ある蒸し暑い夜、スパータに工場を建設するためにやってきた実力者・コルバートが撲殺されます。証拠もない、目撃者もいない。加えて、この田舎町には殺人事件を手がける搜查官もいない。
スパータ署の署長・ビル(ロッド・スタイガー)は、警察官のサム(ウォーレン・オーツ)に、レンタカー店と駅の捜索を命令します。サムが駅に向かうと、一人の黒人が電車を待っていた。サムは相手が黒人というだけで、いきなり銃を向けて威嚇します。
持ち物を調べてみると、財布の中には多くのドル紙幣。これだけで、その黒人は超有力な容疑者。黒人がこんなに金を持っているわけはない、というのがこの町の常識なのです。
サムが署に黒人を連行すると、ビルもいきなり「なぜ殴った?」と犯人扱いです。ですがその黒人は、実はフィラデルフィア警察殺人課の敏腕刑事・バージル (シドニー・ポワチェ)ということが判明するのです。
身分照会が済み、バージルが持っていた金が彼の給料だとわかっても、ビルの不機嫌は収まらない。黒人の警察官が、自分よりも多くの収入を得ていることが許せないのです。

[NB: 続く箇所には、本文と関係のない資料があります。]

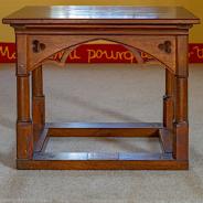3.07: Abendmahlstisch. Widmungsplakette (3.07a) am Querbalken unten Mitte: Zur Ehre Gottes im Gedenken an Edward KEITH-ROACH,

とはいえ、彼には殺人事件捜査の経験がないもので、バージルに検死を依頼する。そしてバージルは、田舎の検視官では気づかなかった数々の鋭い指摘を行なうのです。
バージルの能力は認めざるを得ないものの、ビルは余計彼の存在が気に食わない。黒人で、自分より高給取りで、自分よりも有能なバージルが気に食わないのです。
ビルは彼に帰れと命令し、市長に会う。するとそこには、コルバート夫人が同席している。彼女は、「あの黒人刑事に捜査させないのなら、この町の工場建設は中止します」と言う。そこで市長は、バージルと協力して事件を解決するよう、ビルを説得するのです。
仕方なく、駅に向かうビル。バージルはベンチで電車を待っていました。ですが、ビルは自尊心から、素直に「協力してくれ」とは言えない。バージルも、今まで受けた仕打ちがあるもので、早く帰りたいとしか思っていない。
次第に二人は感情的になっていきます。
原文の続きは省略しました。